## Problem requirements
Exclude the pictures, then quote exactly the lines from the one holding "4階、通路の防水作業・階段通" through the last line of the records.

## Data to use
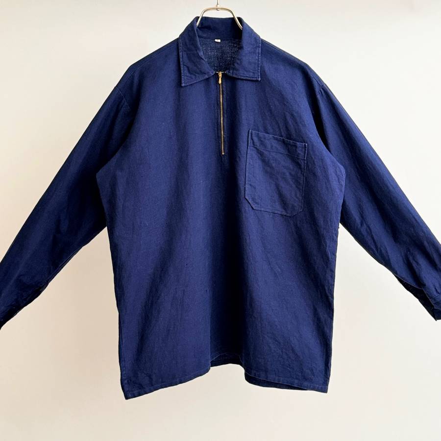 > 希少《 French Vintage / Indigo 》50s 60s 美品【 フレンチ ビンテージ インディゴ コットン プルオーバー シャツ 2 フランス 】
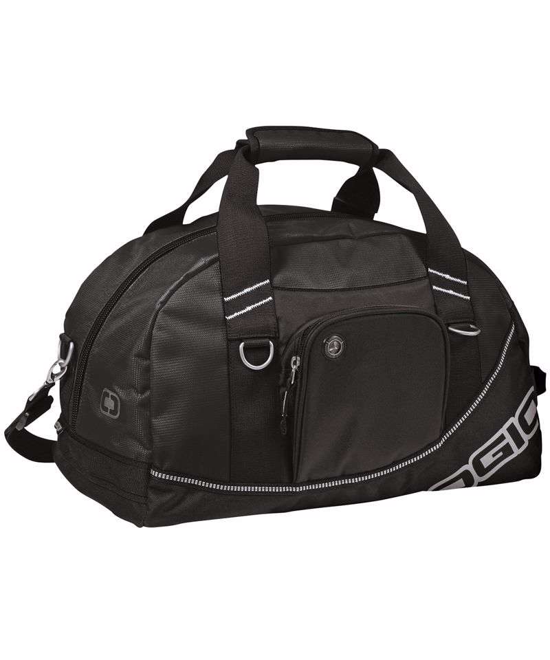 Sized to fit the gym locker, this duffel opens wide to reveal a roomy interior that holds shoes and a change of clothes.
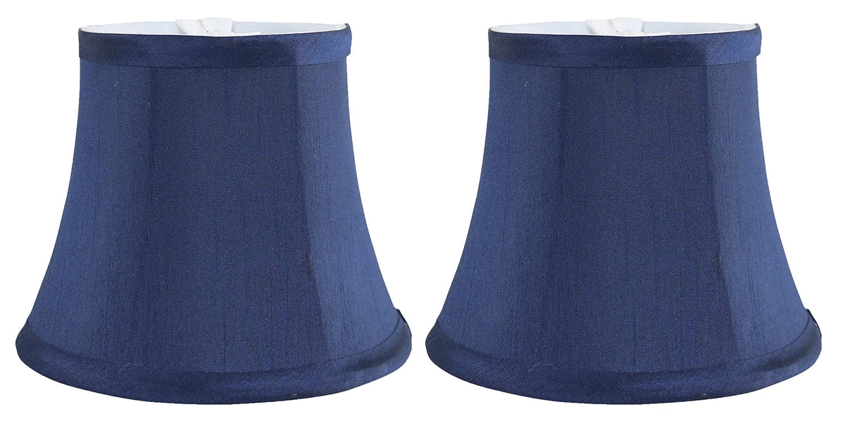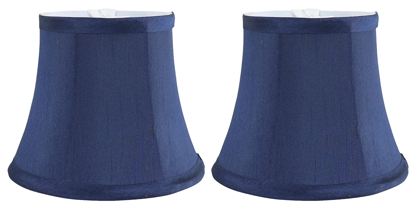 Meriville Blue Faux Silk Chandelier Lamp Shades, Set Of 2, Softback Bell Shape, Clip-On Fitter For Candelabra Bulbs, 4 X 6 X
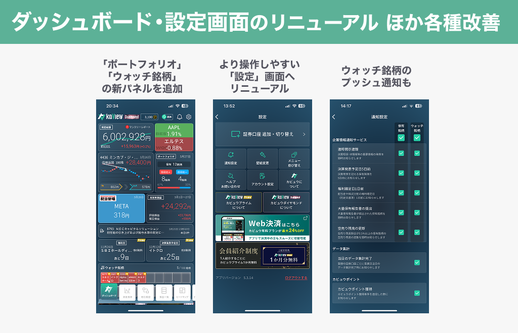 「ポートフォリオ」「ウォッチ銘柄」メニューの追加に伴い、ダッシュボードにも新パネルの追加やデザイン改善を行います。「設定」画面もよりわかりやすく、操作しやすい構成へ変更いたします。 また今回のアップデートに合わせ、「逆日歩」機能は次回リニューアルまで提供を一時停止いたします。
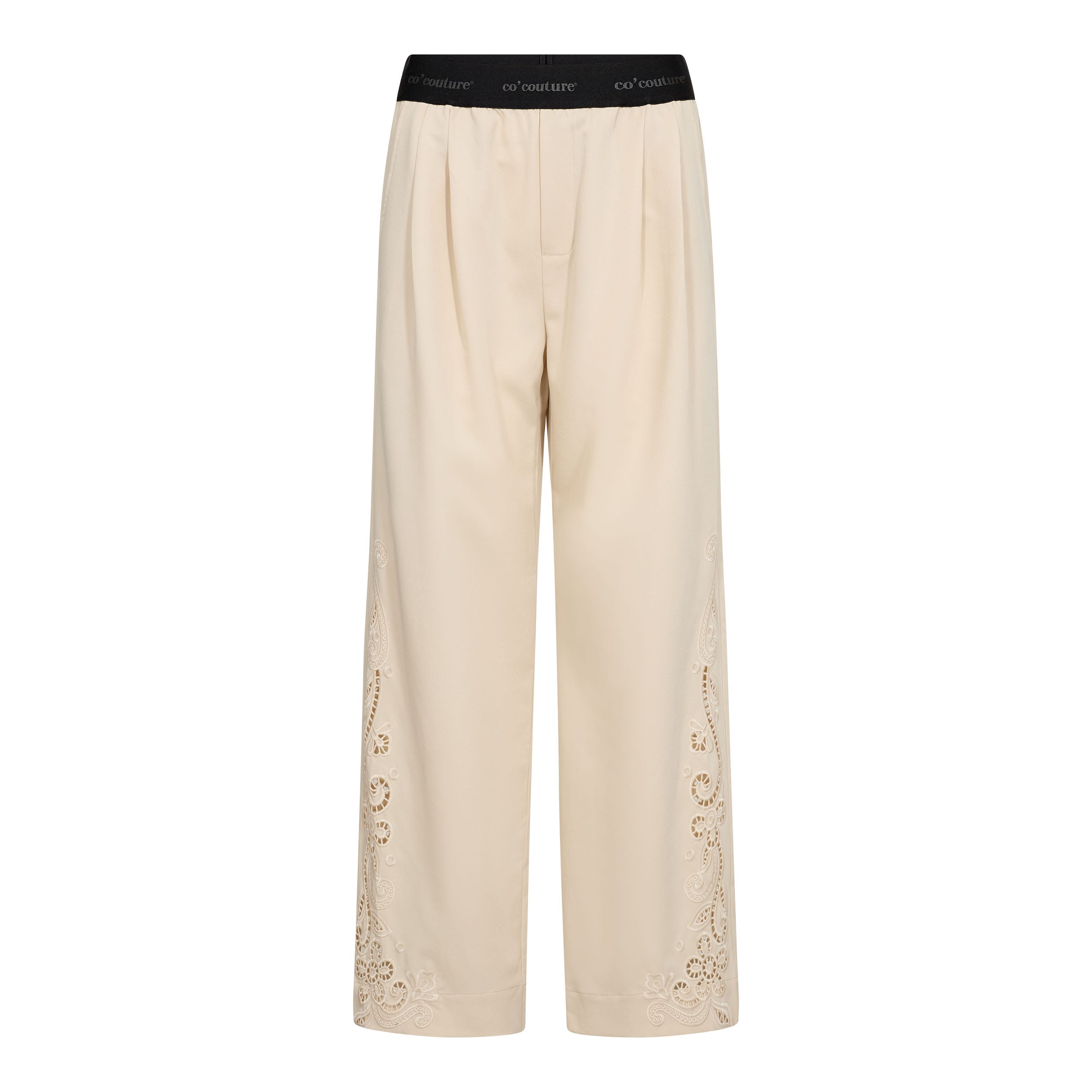 Broek van Co'Couture met wijde pijpen voorzien van broderie details aan de onderzijde, steekzakken, twee paspelzakken aan de achterzijde en een elastische tailleband voorzien van logo.
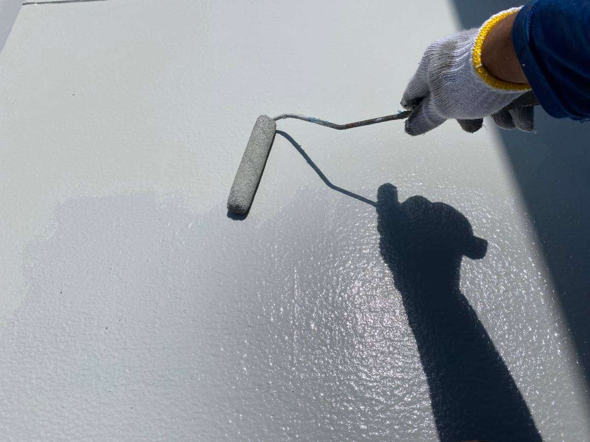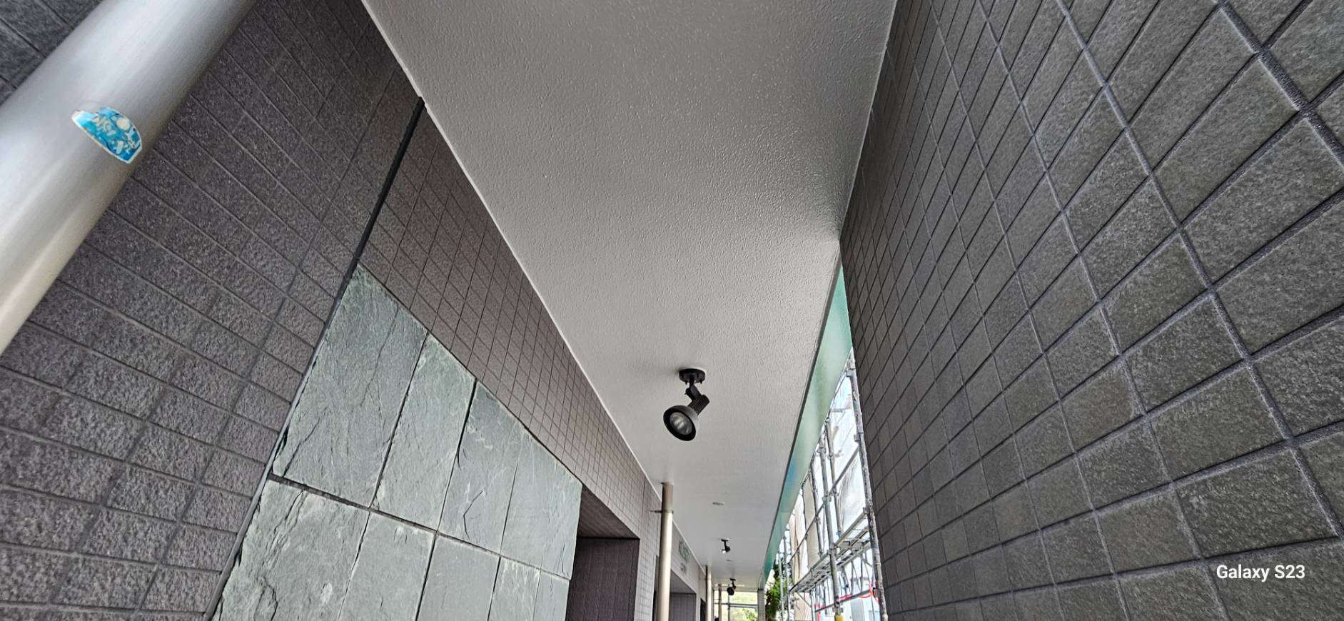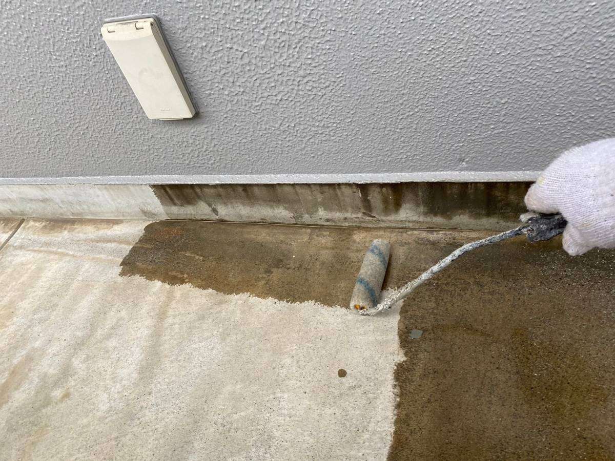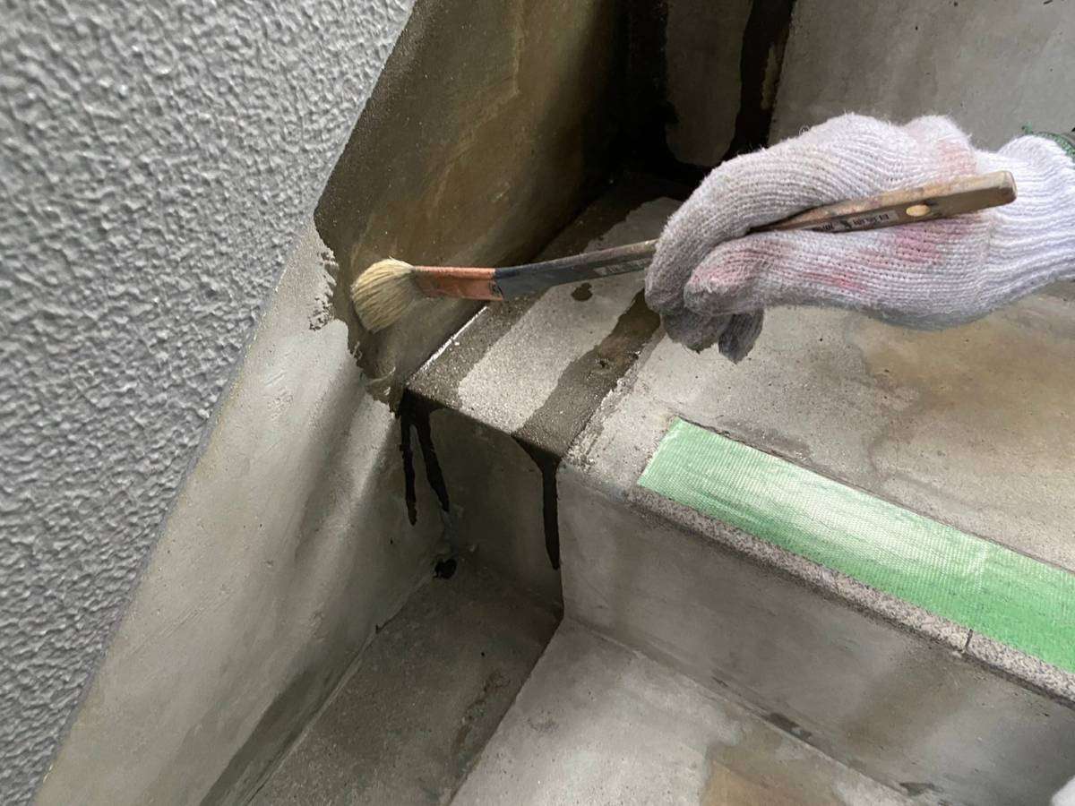 4階、通路の防水作業・階段通路のプライマー塗装作業・軒天塗装作業を行っていました。
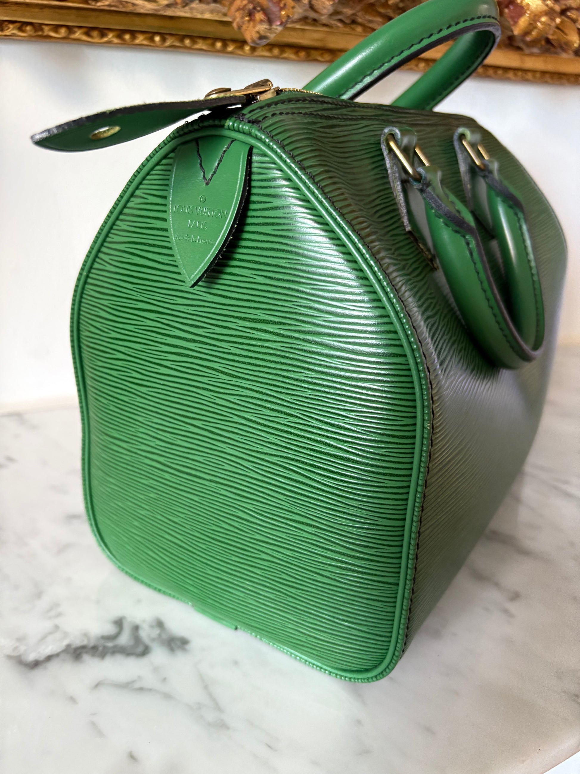 The infamous Speedy by Louis Vuitton, in adorable size 25 and in green Epi leather 💚

## Task output
 4階、通路の防水作業・階段通路のプライマー塗装作業・軒天塗装作業を行っていました。
 The infamous Speedy by Louis Vuitton, in adorable size 25 and in green Epi leather 💚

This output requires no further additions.